On Friday, the Supreme Court of Canada released the most significant and powerful judgment from a Commonwealth country since September 11, 2001. The rippling effects of these pronouncements by our highest Court will be felt worldwide and is perhaps indicative of a changing zeitgeist: one of disillusionment and dismay with the "War on Terror"; one that is quickly experiencing a renaissance of freedom, liberty, and democracy; one where we have hopefully come to appreciate something that one of the founders of democracy once wrote:
"Those that would give up essential liberty in pursuit of a little temporary security deserve neither liberty nor security." - Benjamin Franklin
An excerpt from the judgement reads:
One of the most fundamental responsibilities of a government is to ensure the security of its citizens.

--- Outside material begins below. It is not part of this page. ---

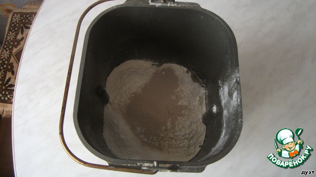 На жидкость всыпать 2,5 стакана муки, в уголок емкости 0,5 ч. л. соли, в другой уголок - 1,5 ст. л сахара, по центру - дрожжи (1,5 ч. л.) |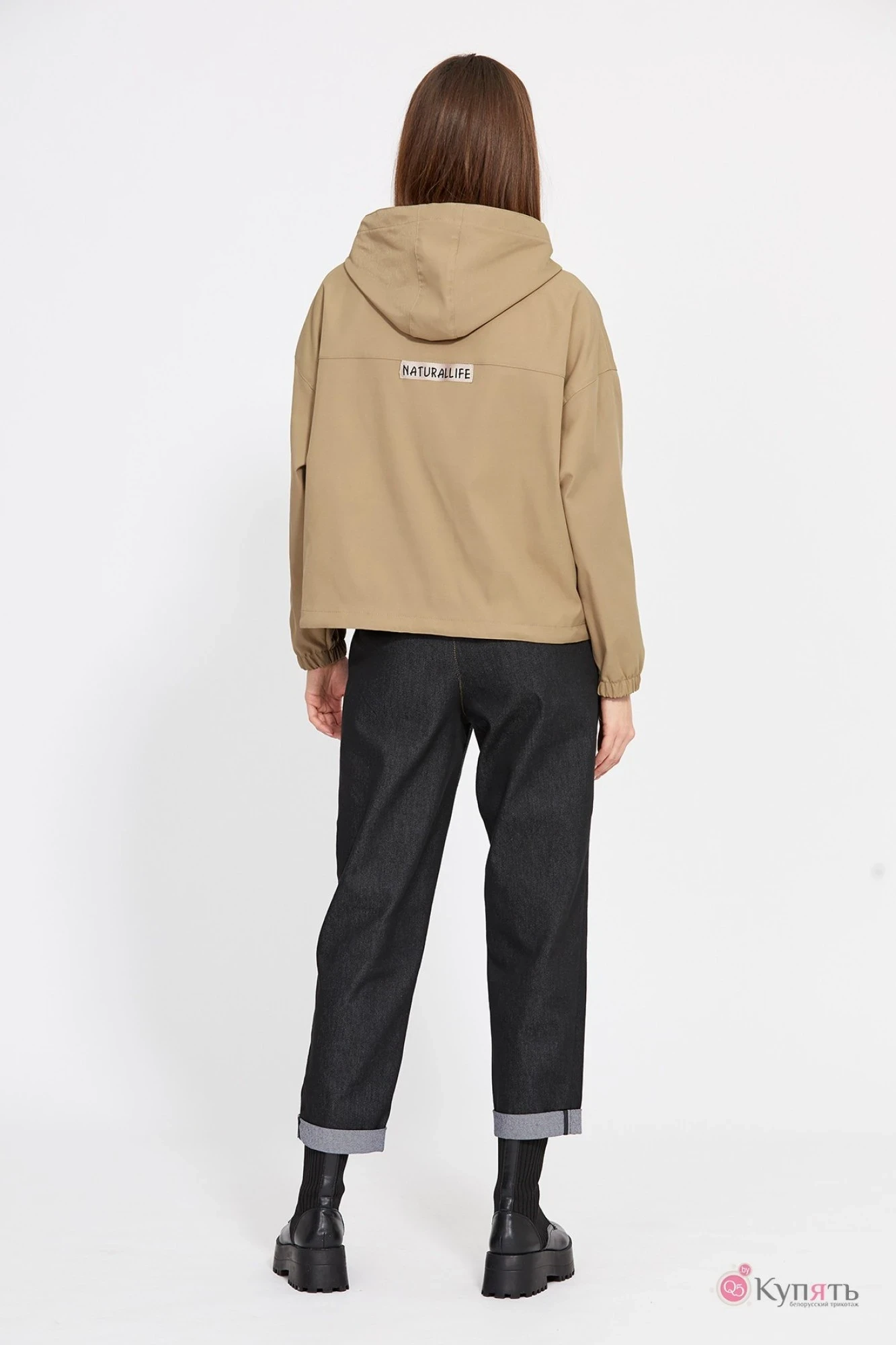 Куртка-ветровка выполнена из однотонной плащевой ткани. Куртка прямого силуэта, длиной выше линии бедер. Застежка спереди на пробивные кнопки. Спереди накладные карманы с клапанами, застегивающимися на пробивные кнопки. Так жеесть карманы в боковых швах. На спинке обработана кокетка. Горловина округлой формы, обработана капюшоном. Плечевой шов спущен. Рукав одношовный, на манжете с эластичной тесьмой. Низ куртки обработан подгибкой с закрытым срезом со шнуром из основной ткани. Куртка без подкладки. Куртка декорирована настрочной тесьмой по спинке.

This may require it to act on information that it cannot disclose and to detain people who threaten national security. Yet in a constitutional democracy, governments must act accountably and in conformity with the Constitution and the rights and liberties it guarantees. These two propositions describe a tension that lies at the heart of modern democratic governance. It is a tension that must be resolved in a way that respects the imperatives both of security and of accountable constitutional governance.
[...]
The realities that confront modern governments faced with the challenge of terrorism are stark. In the interest of security, it may be necessary to detain persons deemed to pose a threat. At the same time, security concerns may preclude disclosure of the evidence on which the detention is based. But these tensions are not new. As we shall see, Canada has already devised processes that go further in preserving s. 7 rights while protecting sensitive information; until recently, one of these solutions was applicable in the security certificate context. Nor are these tensions unique to Canada: in the specific context of anti-terrorism legislation, the United Kingdom uses special counsel to provide a measure of protection to the detained person’s interests, while preserving the confidentiality of information that must be kept secret. These alternatives suggest that the IRPA regime, which places on the judge the entire burden of protecting the person’s interest, does not minimally impair the rights of non-citizens, and hence cannot be saved under s. 1 of the Charter.